* WHAT YOU ARE ASKED TO DO *
Your task is to return all of the records exactly, minus any images.

Dataset records:
Segment Open

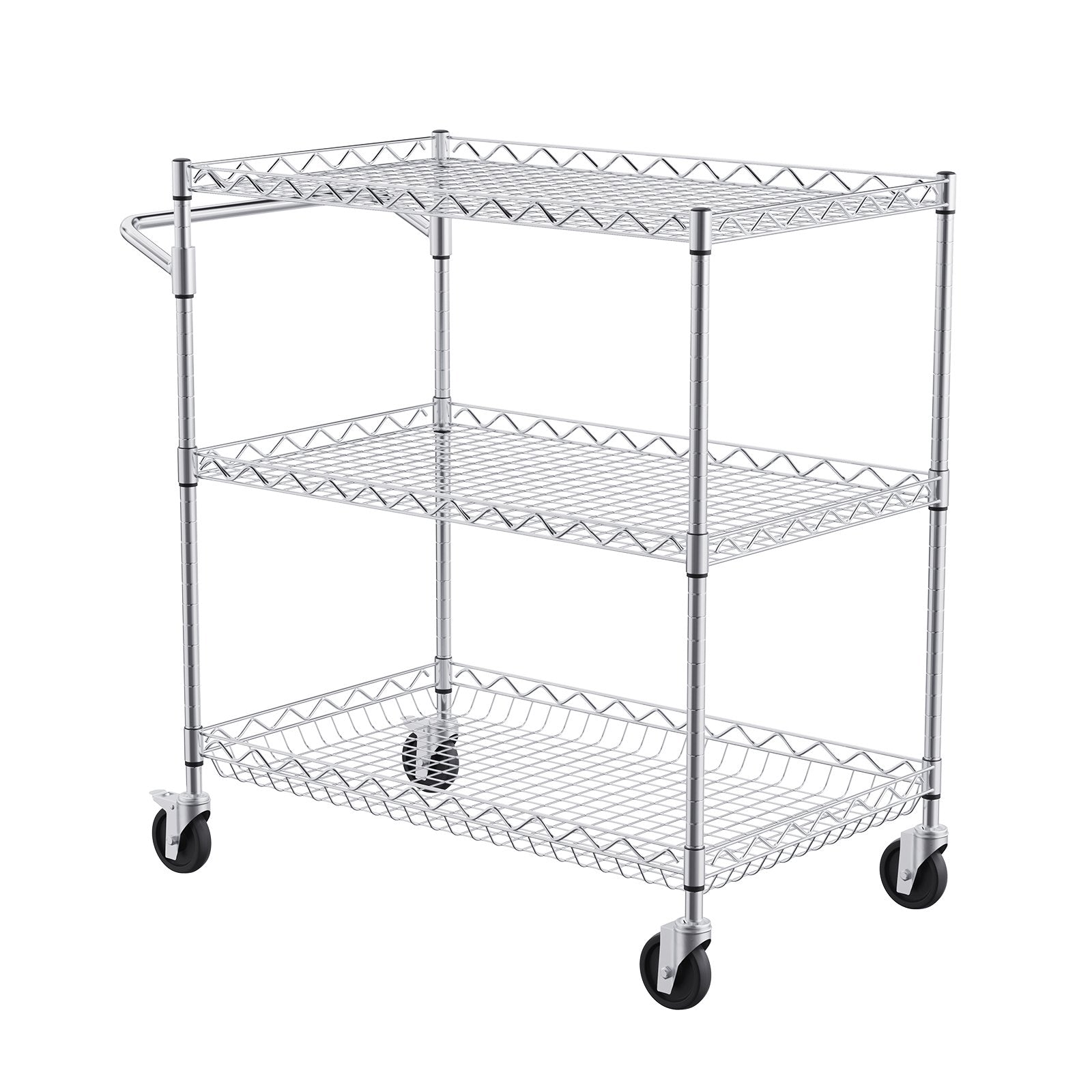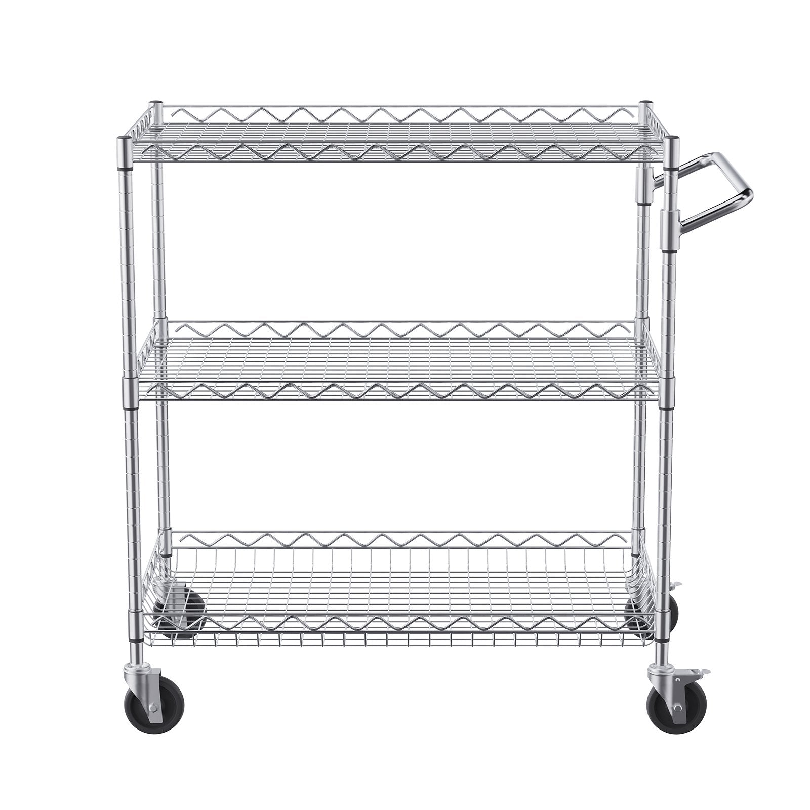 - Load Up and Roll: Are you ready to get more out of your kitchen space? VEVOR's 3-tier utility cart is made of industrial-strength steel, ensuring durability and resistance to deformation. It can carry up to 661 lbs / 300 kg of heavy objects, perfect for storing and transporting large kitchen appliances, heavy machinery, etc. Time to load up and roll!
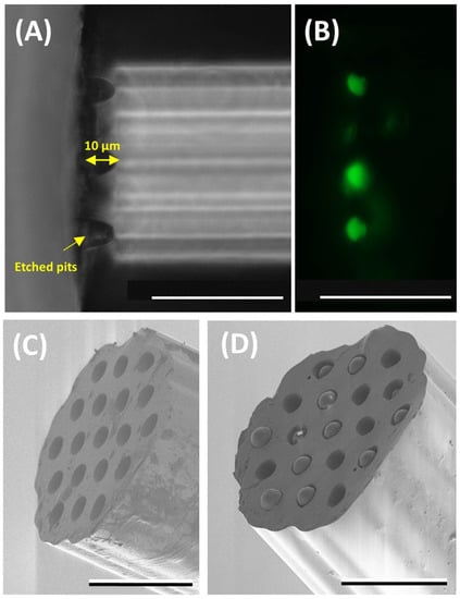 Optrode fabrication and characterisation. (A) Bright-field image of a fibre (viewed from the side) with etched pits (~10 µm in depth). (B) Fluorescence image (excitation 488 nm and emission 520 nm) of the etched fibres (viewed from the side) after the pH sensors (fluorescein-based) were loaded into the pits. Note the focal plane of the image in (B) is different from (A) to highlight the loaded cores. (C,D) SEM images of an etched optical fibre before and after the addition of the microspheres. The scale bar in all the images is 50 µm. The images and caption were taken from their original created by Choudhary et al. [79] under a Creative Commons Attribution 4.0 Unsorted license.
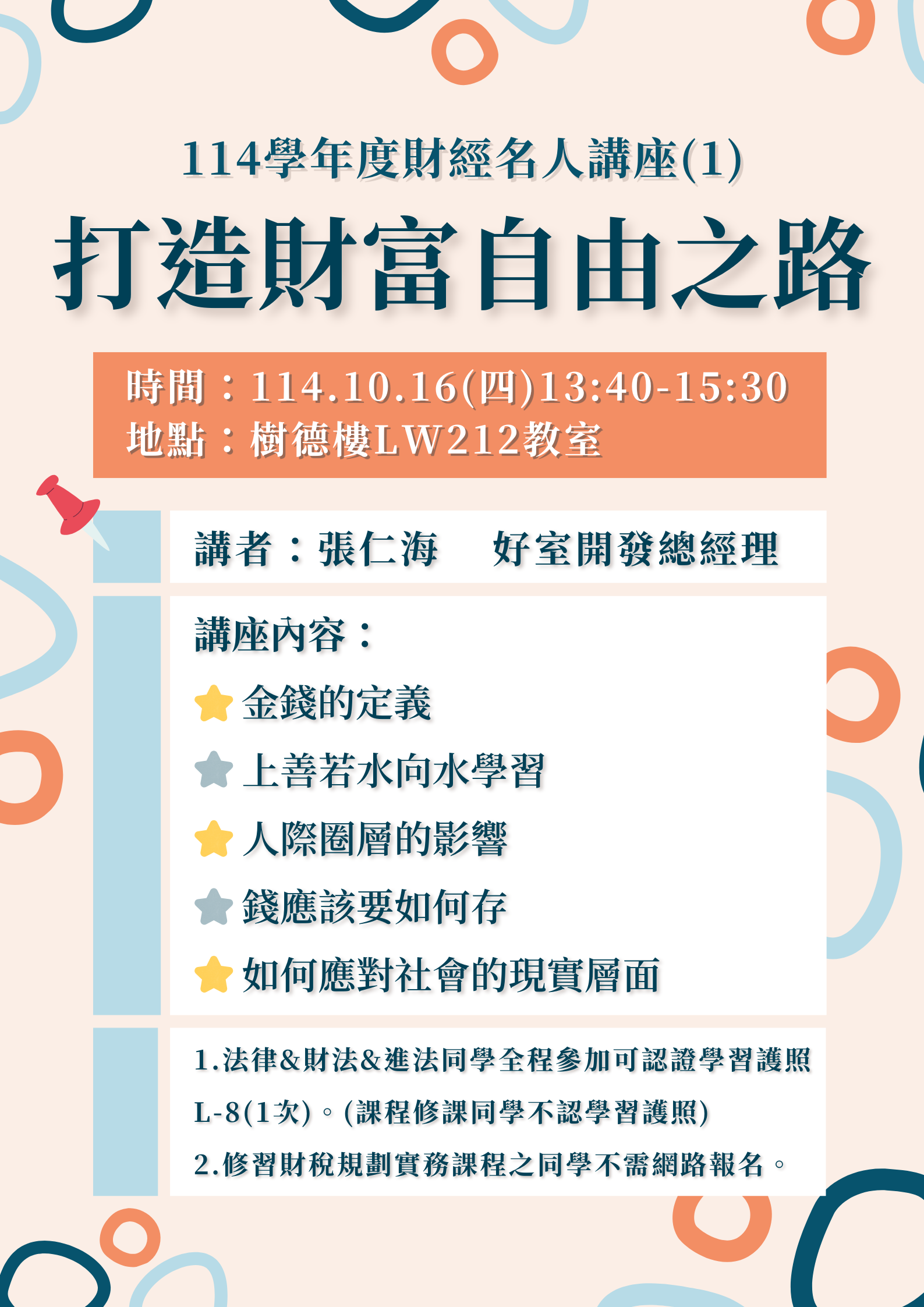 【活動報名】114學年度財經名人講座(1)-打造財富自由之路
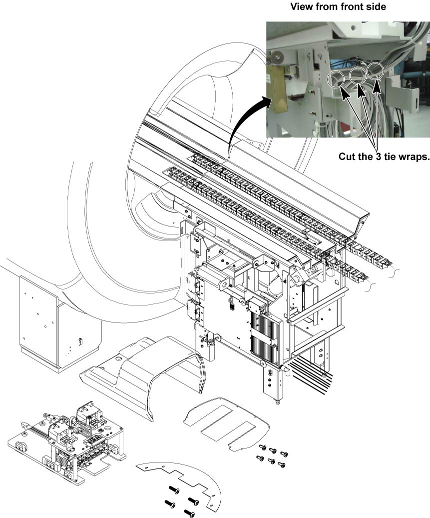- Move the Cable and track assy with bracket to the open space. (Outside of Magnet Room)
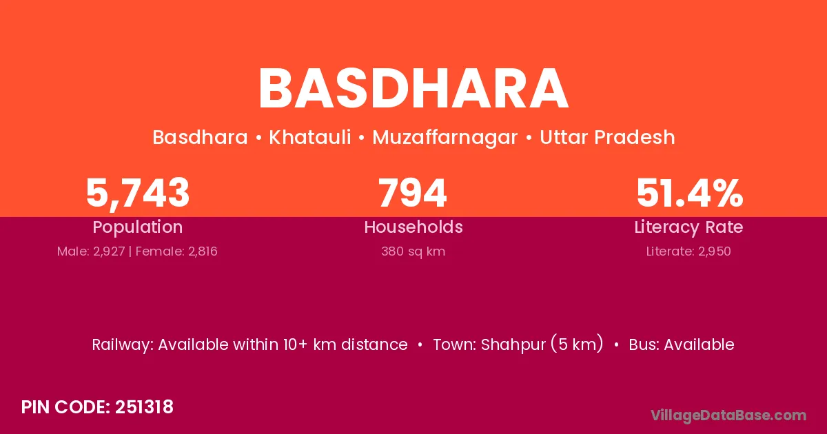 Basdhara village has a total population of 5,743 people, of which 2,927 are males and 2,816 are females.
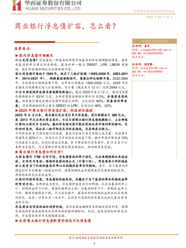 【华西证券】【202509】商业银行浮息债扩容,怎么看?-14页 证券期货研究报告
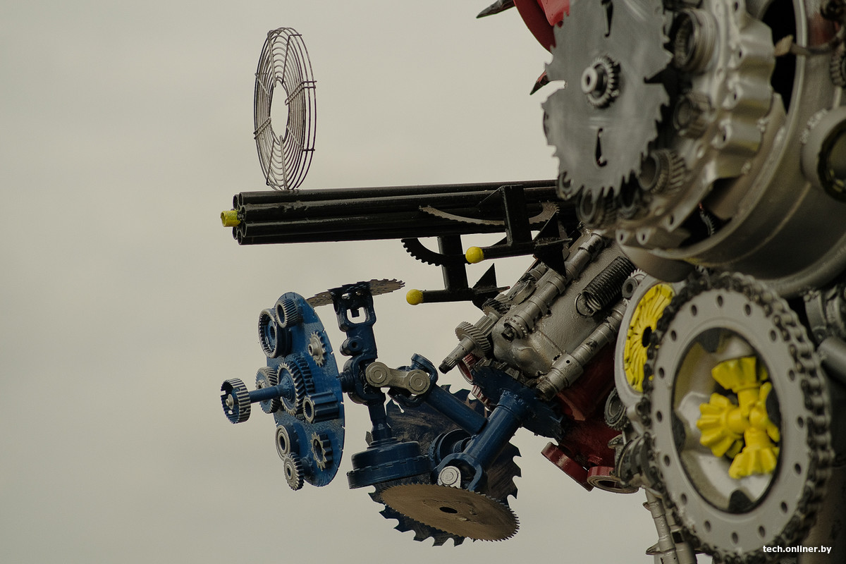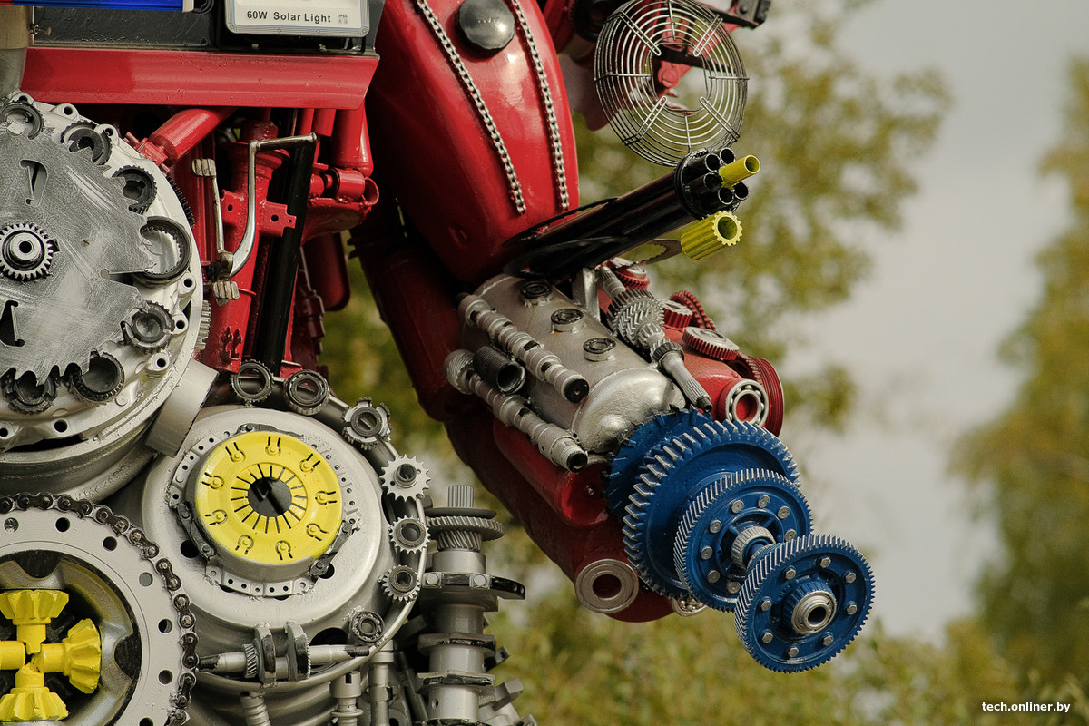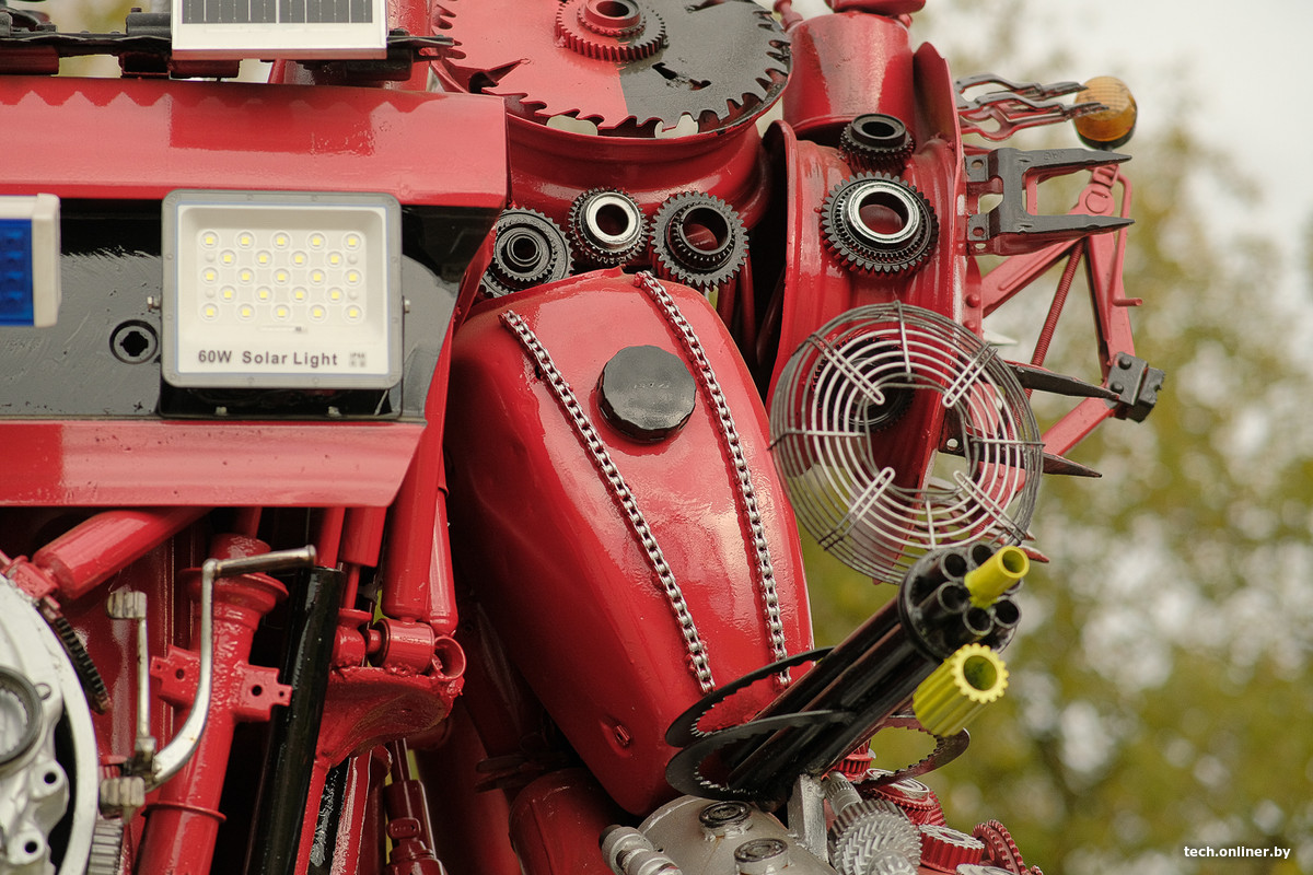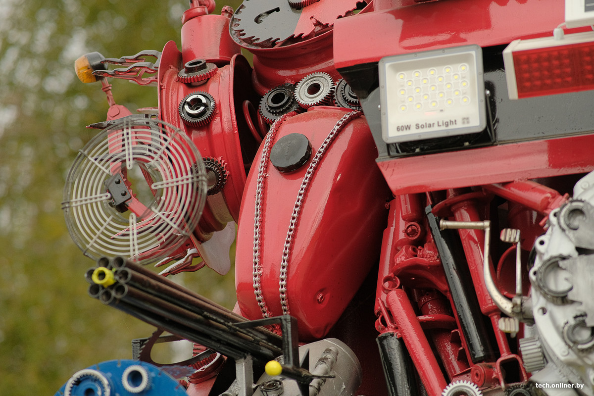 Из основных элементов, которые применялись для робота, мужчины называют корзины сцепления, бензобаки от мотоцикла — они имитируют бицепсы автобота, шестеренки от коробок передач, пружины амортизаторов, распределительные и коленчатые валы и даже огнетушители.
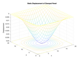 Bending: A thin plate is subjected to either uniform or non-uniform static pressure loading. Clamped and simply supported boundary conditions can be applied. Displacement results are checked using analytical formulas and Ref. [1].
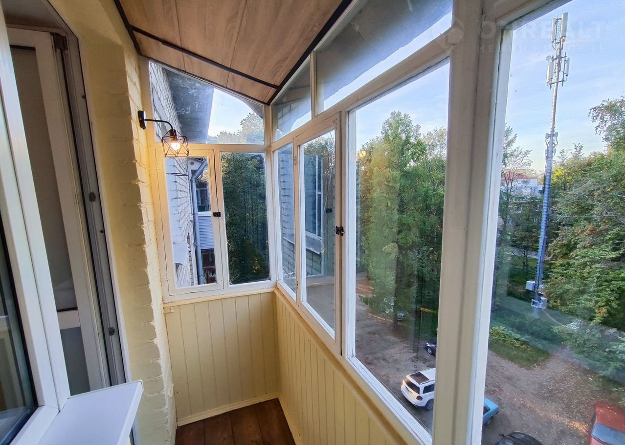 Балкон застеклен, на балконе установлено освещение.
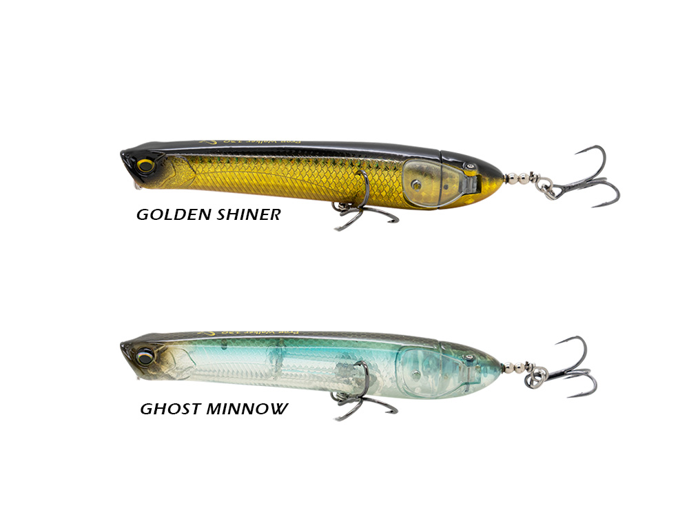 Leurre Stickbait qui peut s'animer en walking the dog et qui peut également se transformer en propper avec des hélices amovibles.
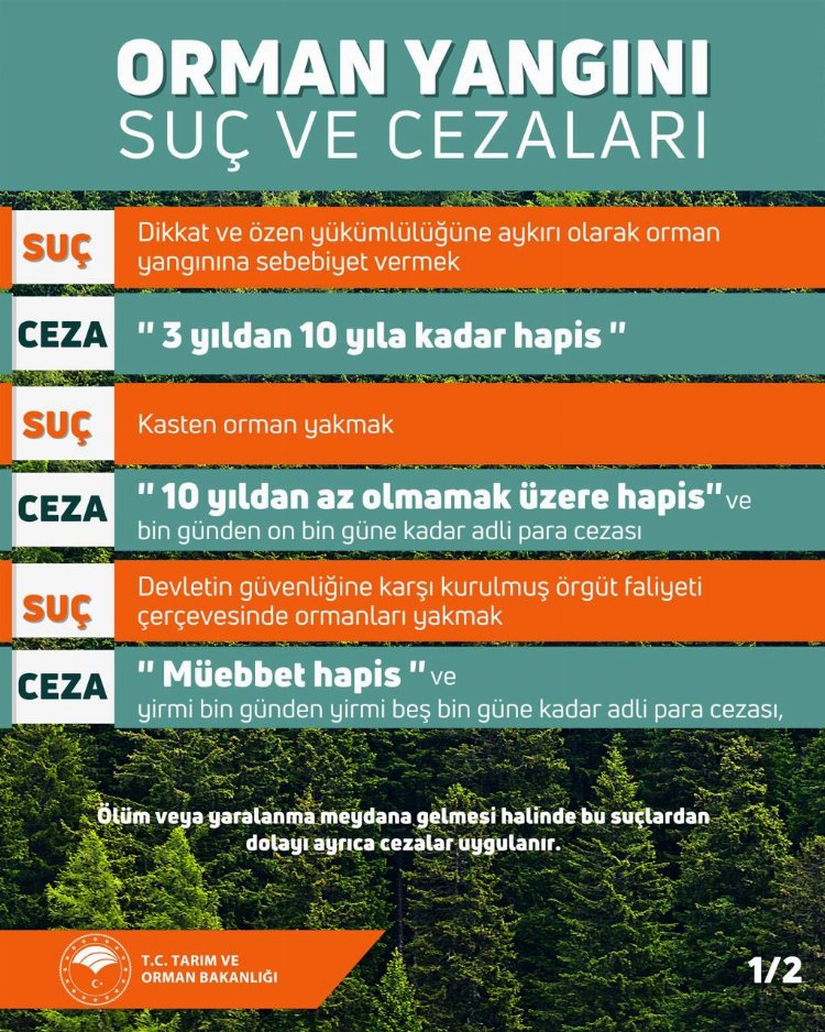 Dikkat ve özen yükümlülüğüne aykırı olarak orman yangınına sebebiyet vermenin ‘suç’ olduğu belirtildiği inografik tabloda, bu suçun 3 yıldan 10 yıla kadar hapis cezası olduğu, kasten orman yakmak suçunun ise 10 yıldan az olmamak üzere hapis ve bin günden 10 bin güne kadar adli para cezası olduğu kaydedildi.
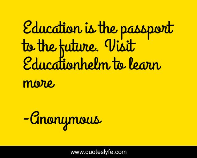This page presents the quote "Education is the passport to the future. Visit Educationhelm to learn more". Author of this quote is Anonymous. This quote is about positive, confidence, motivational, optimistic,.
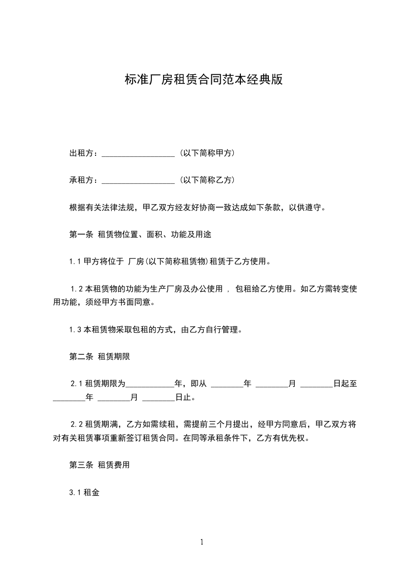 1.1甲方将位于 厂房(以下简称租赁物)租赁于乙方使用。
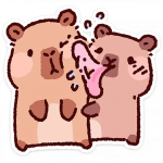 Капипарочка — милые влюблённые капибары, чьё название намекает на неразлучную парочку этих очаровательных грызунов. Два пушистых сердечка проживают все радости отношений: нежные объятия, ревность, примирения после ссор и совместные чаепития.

Segment Closed

* OUTPUT OF THE EXERCISE *
 - Load Up and Roll: Are you ready to get more out of your kitchen space? VEVOR's 3-tier utility cart is made of industrial-strength steel, ensuring durability and resistance to deformation. It can carry up to 661 lbs / 300 kg of heavy objects, perfect for storing and transporting large kitchen appliances, heavy machinery, etc. Time to load up and roll!
 Optrode fabrication and characterisation. (A) Bright-field image of a fibre (viewed from the side) with etched pits (~10 µm in depth). (B) Fluorescence image (excitation 488 nm and emission 520 nm) of the etched fibres (viewed from the side) after the pH sensors (fluorescein-based) were loaded into the pits. Note the focal plane of the image in (B) is different from (A) to highlight the loaded cores. (C,D) SEM images of an etched optical fibre before and after the addition of the microspheres. The scale bar in all the images is 50 µm. The images and caption were taken from their original created by Choudhary et al. [79] under a Creative Commons Attribution 4.0 Unsorted license.
 【活動報名】114學年度財經名人講座(1)-打造財富自由之路
- Move the Cable and track assy with bracket to the open space. (Outside of Magnet Room)
 Basdhara village has a total population of 5,743 people, of which 2,927 are males and 2,816 are females.
 【华西证券】【202509】商业银行浮息债扩容,怎么看?-14页 证券期货研究报告
 Из основных элементов, которые применялись для робота, мужчины называют корзины сцепления, бензобаки от мотоцикла — они имитируют бицепсы автобота, шестеренки от коробок передач, пружины амортизаторов, распределительные и коленчатые валы и даже огнетушители.
 Bending: A thin plate is subjected to either uniform or non-uniform static pressure loading. Clamped and simply supported boundary conditions can be applied. Displacement results are checked using analytical formulas and Ref. [1].
 Балкон застеклен, на балконе установлено освещение.
 Leurre Stickbait qui peut s'animer en walking the dog et qui peut également se transformer en propper avec des hélices amovibles.
 Dikkat ve özen yükümlülüğüne aykırı olarak orman yangınına sebebiyet vermenin ‘suç’ olduğu belirtildiği inografik tabloda, bu suçun 3 yıldan 10 yıla kadar hapis cezası olduğu, kasten orman yakmak suçunun ise 10 yıldan az olmamak üzere hapis ve bin günden 10 bin güne kadar adli para cezası olduğu kaydedildi.
This page presents the quote "Education is the passport to the future. Visit Educationhelm to learn more". Author of this quote is Anonymous. This quote is about positive, confidence, motivational, optimistic,.
 1.1甲方将位于 厂房(以下简称租赁物)租赁于乙方使用。
 Капипарочка — милые влюблённые капибары, чьё название намекает на неразлучную парочку этих очаровательных грызунов. Два пушистых сердечка проживают все радости отношений: нежные объятия, ревность, примирения после ссор и совместные чаепития.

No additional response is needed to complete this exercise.